In the tournament, held in Brazil, England was the favorite to win by a long shot. The inventors of football had a stacked lineup and a royally stacked bank account. But thirty-eight minutes in at the game against the United States, Walter Bahr’s shot from 25 yards out was deflected by his teammate Gaetjen’s charging forehead, sending the ball to the left and just passed the reach of England’s keeper.

“Whether Joe’s getting a piece of it was by accident or design I don’t know, but I know he went after it with his head. It’s the mystery goal,” Bahr said years later.

The Three Lions were unable to recuperate and, when the final whistle blew, Belo Horizonte’s Estádio Independência erupted. The unlikely hero was carried off the field on the shoulders of beaming fans, wave upon wave of cheering Brazilians following behind.
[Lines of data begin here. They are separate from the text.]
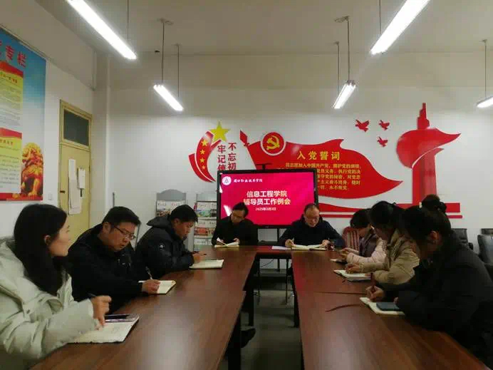 3月3日中午,在学院办公室6140,信息工程学院召开辅导员工作例会。党总支书记宋良鹤,副院长楚书来,学管办主任张矿伟及23、24级辅导员参加了本次会议,会议由楚书来主持。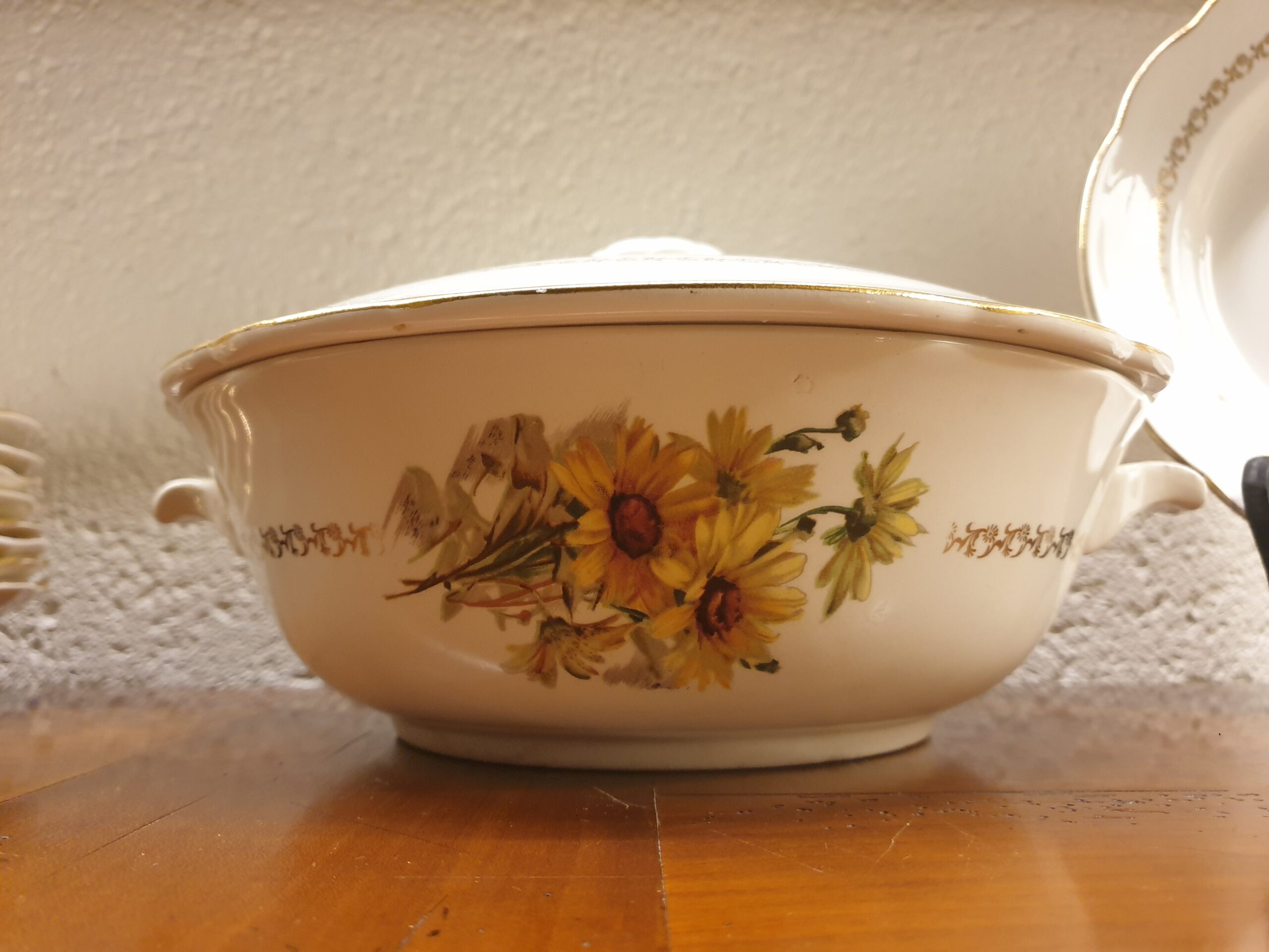 Contenu : 10 assiettes plates, 10 assiettes creuses, 1 saucière, 1 soupière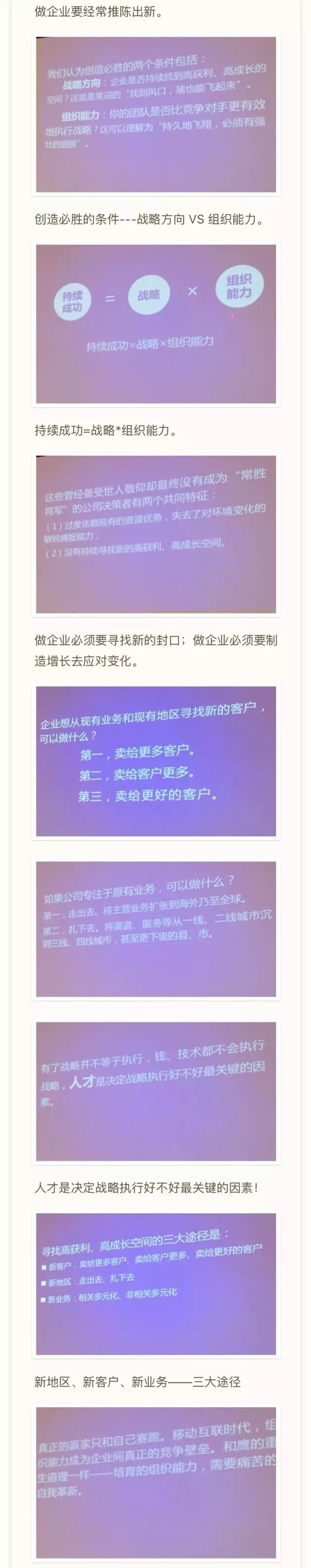 第三是企業(yè)的持續(xù)成功=戰(zhàn)略X組織能力。公司CEO一定要清楚公司的商業(yè)邏輯、組織構(gòu)架,從我5年淺顯的創(chuàng)業(yè)經(jīng)驗(yàn)來看,這兩點(diǎn)其實(shí)不是規(guī)劃出來的,而是邊做邊打版出來的。

After the goal there was instant fame and glory for Gaetjens and an international playing stint for French clubs Racing Club de Paris and Olympique Alès. Then, in 1954, he went back to Port-au-Prince where he settled down with his new wife, opened a small dry cleaning business and resumed his spot on Etoile Haïtienne.

Ten years later, on July 8th, 1964, about a month after Papa Doc’s self-proclamation as “President for Life,” Gaetjens was thrust into the back seat of a MVSN car, with a gun pressed to the back of his head, never to be seen again.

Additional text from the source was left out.